If you said "there is evidence [cite book]" or something along those lines, then I'd accept your argument. However, what you do is ramble in circles and then demand I read three books (with insults no less!), then ramble round in circles when I ask you to say what your arguments are (citations are no substitute for having your own arguments) and so on.
I like how you have repeatedly, "cowardly" refesed to answer any of my questions, suc has which grouping you are using to define your gender norms.
You have not provided any citations for your claim
I don't think you nuderstand how debating and reasoning works. The logic and reason part should stand on its own without citations. If you want to skip over an established piece of reasoning, you might say something like "following the argument in [cite]", though that's not done when the argument is the central part of the debate. Citations are also used to provide coroborating evidence.

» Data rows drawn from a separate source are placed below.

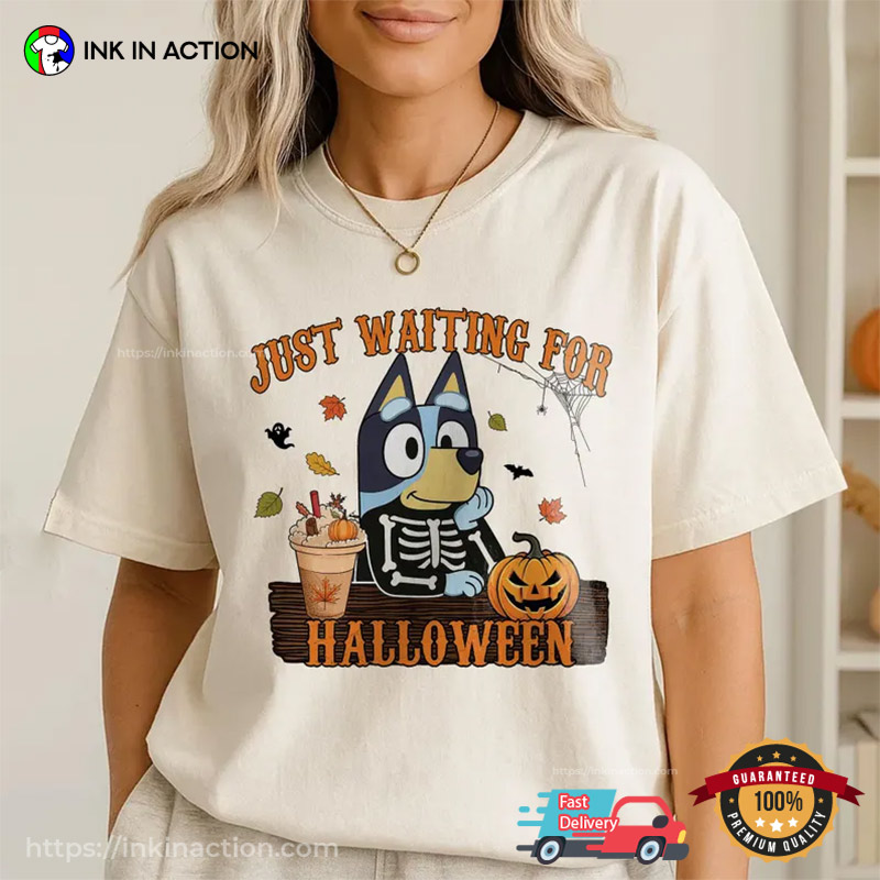 Just Waiting For Halloween Skeleton Bluey Comfort Colors Tee
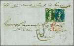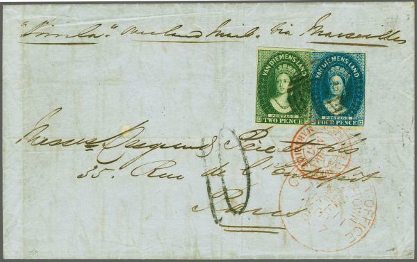 | Zusatzinformationen und Suchstichworte: | 291. - 297. Corinphila Auktion 28. November - 3. Dezember 2022 Los 9 Tasmanien 1855: 2 d. green, wmk. Star, a fine large margined example overlapped by 4 d. blue, just touched to large margins, used on 1857 entire letter from Hobart to Paris endorsed "Simla, Overland Mail via Marseilles", cancelled in black by '61' numeral obliterator - the maiden voyage of the European & Australia Royal Mail "Simla". Circular GENERAL POST OFFICE / HOBART TOWN / ♚" datestamp (Feb 11). The adhesives also tied by circular "AUSTRALIE V. SUEZ / MARSEILLE" datestamp (April 3) in red, charged with handstruck '10' décimes marking in black. Some file folds not detracting from the appearance and could be refolded at left, a rare centire. Cert BPA (2021). Provenance: Maurice Jamet, Paris, Dec 1962, lot 933; Collection Jack Blanc. Ausruf 1.500,00 CHF |
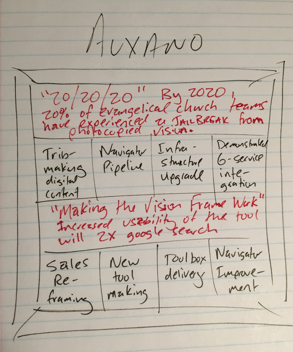 Here is an example of what a napkin sketch looks like. Keep in mind that there my be a lot of information behind the keyword in the napkin sketch. But the key practice is enthusiastically knowing and sharing the plan. Vision transfers through people not paper. This is the current Horizon Storyline we are running at Auxano, the nonprofit consulting group that I founded and lead. This is for our planning cycle that started in April of 2016. Our midground vision is "Making the Vision Frame Work" and we have four action initiative teams to execute our goal by October 2016.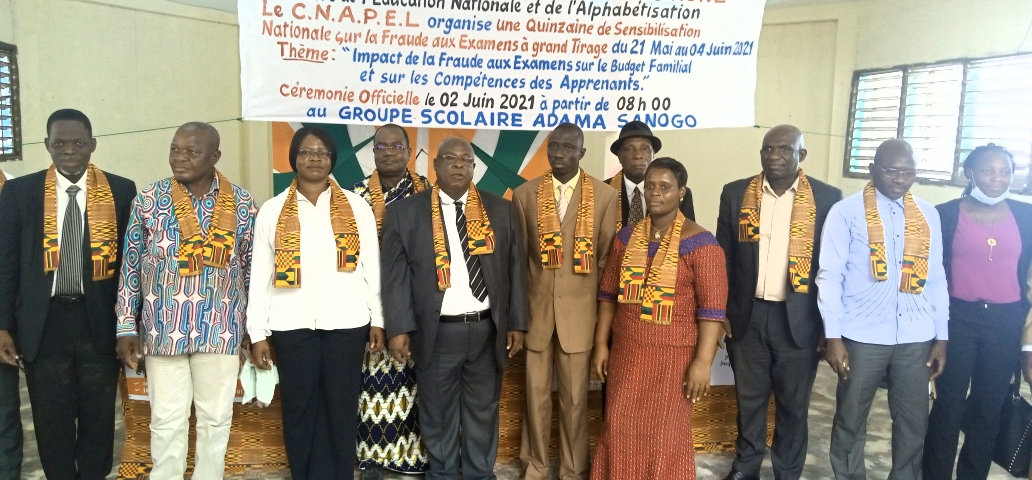 En raison de la montée du phénomène de triche aux examens à grands tirage ces dernières années ( en 2017 ,383 cas de fraudes ; en 2018 , 1516 cas de fraudes ; en 2019, 6833 cas de fraudes ; en 2020 ,16.428 cas de fraudes) , le Conseil National des parents d’élèves de l’enseignement privé Laïc de Côte d’Ivoire (CNAPEL), a pris les devants en organisant la cérémonie de lancement officiel de la journée nationale de sensibilisation sur la fraude aux examens à grand tirage ce mercredi 2 juin 2021, au groupe scolaire Adama Sanogo , Abidjan- Dokoui.

The only bits of evidence I've presented are that there are in fact various organisms which don't fit your narritive of gender roles. Would you like to provide citations for those?
Demanding citations for my logical arguments (which is not how citations work) makes it appear that you can't rebut my arguments and are trying to rely (incorrectly I might add) on technicalities to make yourself happy ignoring them.
so I have won this debate
If you like. Will it make you happy if I agree?
SJW n. One who posts facts.
"People are not patentable. " .....yet
"People are not patentable. " .....yet
And corporations are people.
The shepherds did so well protecting the flock that the sheep no longer believed that wolves existed.